- Participating broadcaster: Lietuvos radijas ir televizija (LRT)
- Country: Lithuania
- Selection process: "Eurovizijos" dainų konkurso nacionalinė atranka
- Selection date: 3 March 2007

Competing entry
- Song: "Love or Leave"
- Artist: 4Fun
- Songwriters: Julija Ritčik

Placement
- Final result: 21st, 28 points

Participation chronology

= Lithuania in the Eurovision Song Contest 2007 =

Lithuania was represented at the Eurovision Song Contest 2007 with the song "Love or Leave", written by Julija Ritčik, and performed by the band 4Fun.

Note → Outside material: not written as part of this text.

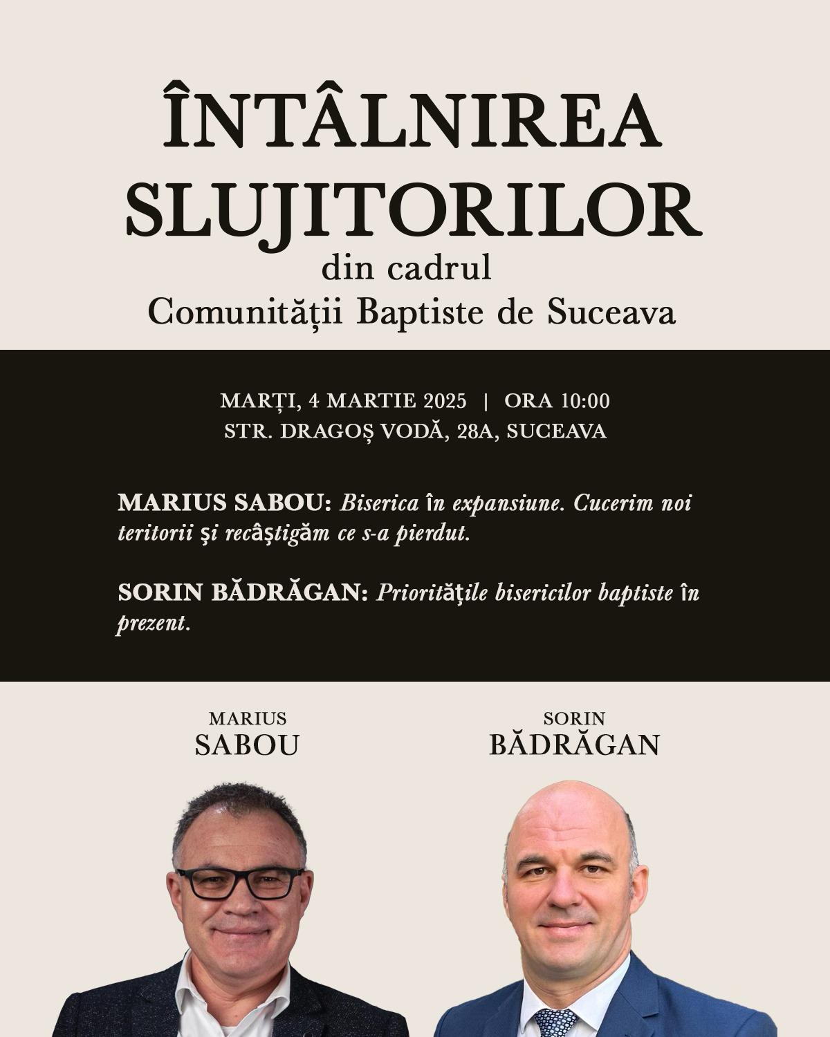 În data de marți, 4 martie, de la ora 10:00, la adresa Str. Dragoș Vodă, 28A, Suceava, va avea loc Întâlnirea slujitorilor din cadrul Comunității Baptiste din Suceava. Evenimentul reunește păstori, prezbiteri, diaconi, predicatori, evangheliști și învățători, având ca scop consolidarea misiunii bisericilor și identificarea priorităților actuale.

The Lithuanian participating broadcaster, Lietuvos radijas ir televizija (LRT), organised the national final "Eurovizijos" dainų konkurso nacionalinė atranka in order to select its entry for the contest. The national final took place over six weeks and involved three different competitive streams: entries performed by newcomers, semi-established artists, and established artists. In the final, eleven artists and songs remained, and the winner was selected over two rounds of public voting. In the first round, the top three were selected to qualify to the superfinal. In the superfinal, "Love or Leave" performed by 4Fun was selected as the winner with 23,888 votes.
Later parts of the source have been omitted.